• _Try it_
Every line of the listing below is to be duplicated exactly, with the pictures left out.

• _Record excerpts_
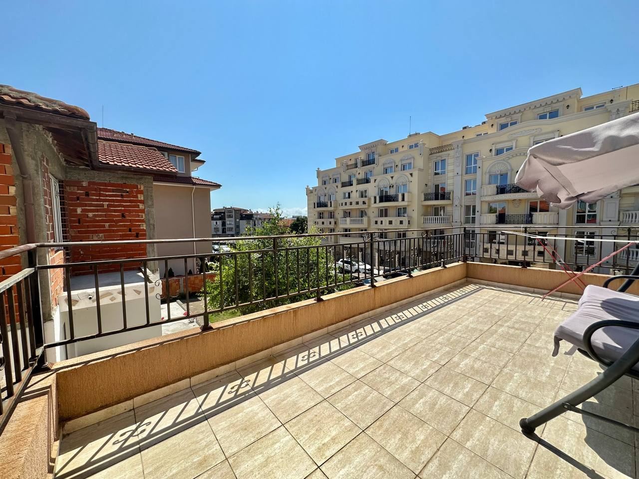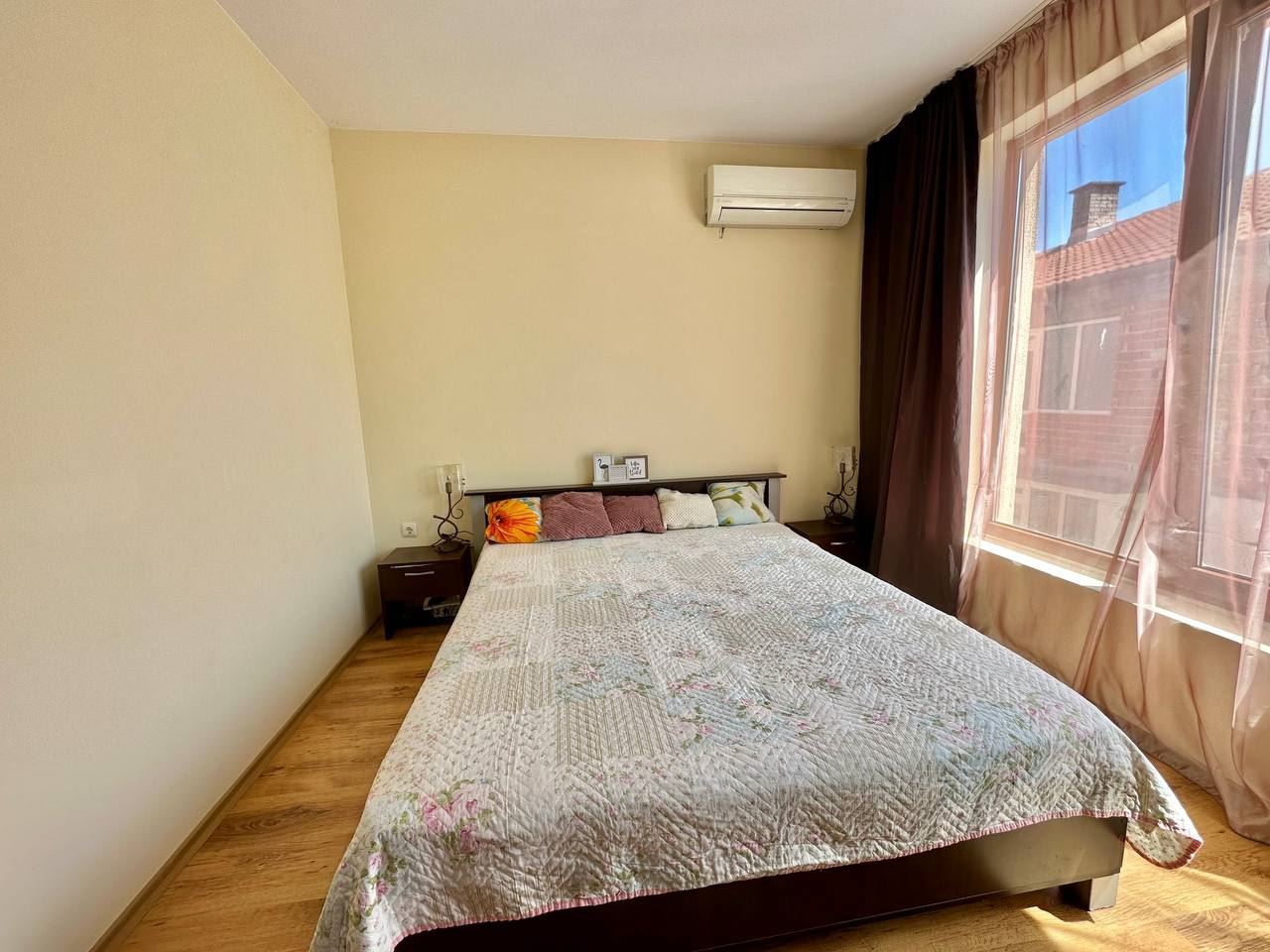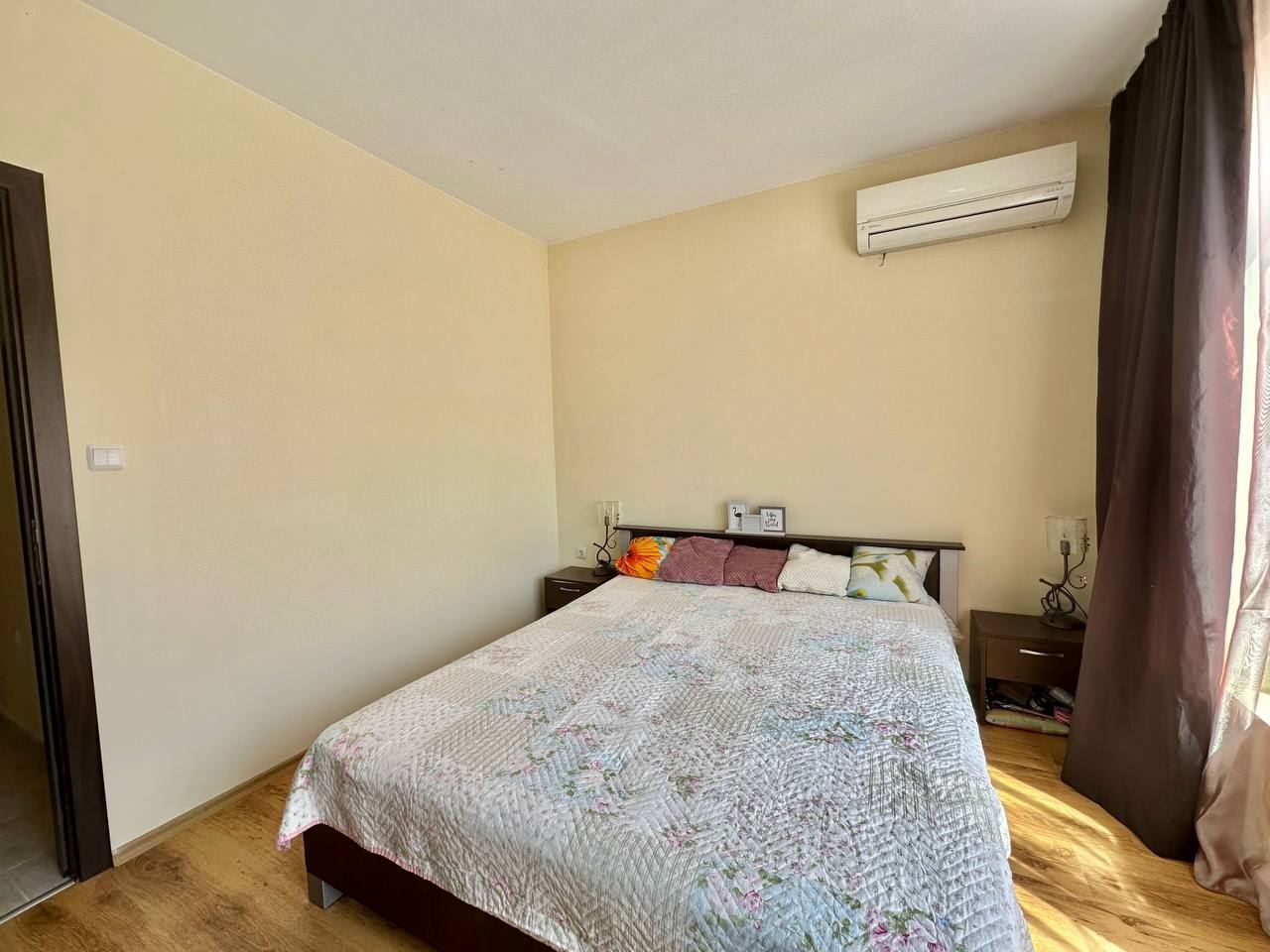 Zwei-Zimmer-Wohnung ohne Wartungsgebühr in einem Mehrfamilienhaus in Ravda. Die Wohnung mit einer Fläche von 59 m² befindet sich im 2. Stock und besteht aus Flur, Wohnzimmer mit Kochnische, Schlafzimmer, Bad mit WC und einem geräumigen Balkon. Die Wohnung steht zum Verkauf voll möbliert und ausgestattet.
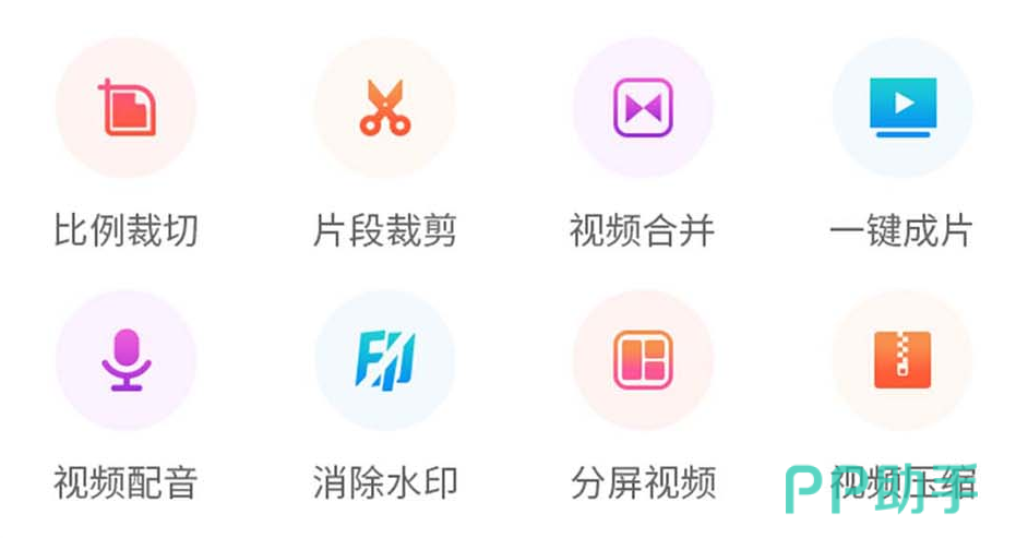 通过下图大家也能看到,其功能是非常的丰富且强大,像裁剪、合并以及配音等,这些大家都是能够见到的,还能一键为用户消除水印,针对动漫作品进行分割和压缩。
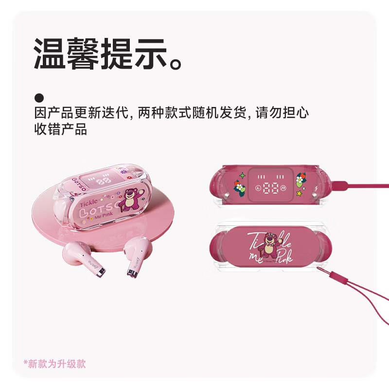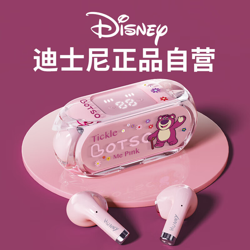 迪士尼(DISNEY)J13蓝牙耳机透明真无线半入耳式运动跑步LED数显音乐降噪游戏情侣礼物适用华为苹果【粉色草莓熊】价格:109.00元!
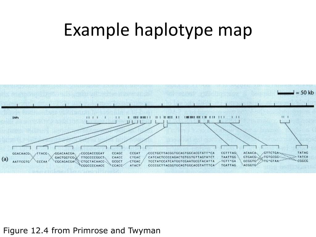 Example haplotype map Figure 12.4 from Primrose and Twyman
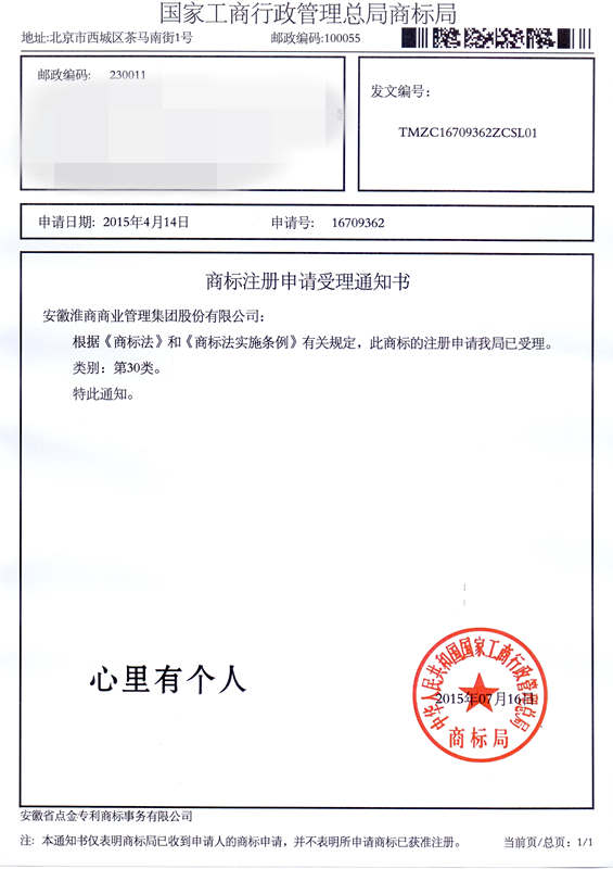 第30类“心里有个人”商标受理通知书
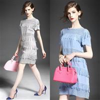 2015夏季新款女装 欧美大牌纯色镂空流苏拼接铜氨丝修身连衣裙
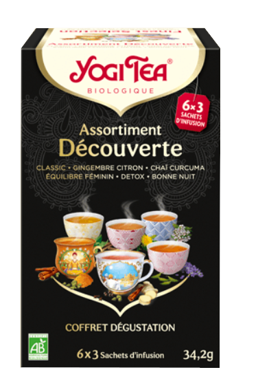 Yogi Tea Assortiment découverte est composé de 6 infusions différentes aux plantes composée d'ingrédients issus de l'Agriculture Biologique.

• _Response to the exercise_
 Zwei-Zimmer-Wohnung ohne Wartungsgebühr in einem Mehrfamilienhaus in Ravda. Die Wohnung mit einer Fläche von 59 m² befindet sich im 2. Stock und besteht aus Flur, Wohnzimmer mit Kochnische, Schlafzimmer, Bad mit WC und einem geräumigen Balkon. Die Wohnung steht zum Verkauf voll möbliert und ausgestattet.
 通过下图大家也能看到,其功能是非常的丰富且强大,像裁剪、合并以及配音等,这些大家都是能够见到的,还能一键为用户消除水印,针对动漫作品进行分割和压缩。
 迪士尼(DISNEY)J13蓝牙耳机透明真无线半入耳式运动跑步LED数显音乐降噪游戏情侣礼物适用华为苹果【粉色草莓熊】价格:109.00元!
 Example haplotype map Figure 12.4 from Primrose and Twyman
 第30类“心里有个人”商标受理通知书
 2015夏季新款女装 欧美大牌纯色镂空流苏拼接铜氨丝修身连衣裙
 Yogi Tea Assortiment découverte est composé de 6 infusions différentes aux plantes composée d'ingrédients issus de l'Agriculture Biologique.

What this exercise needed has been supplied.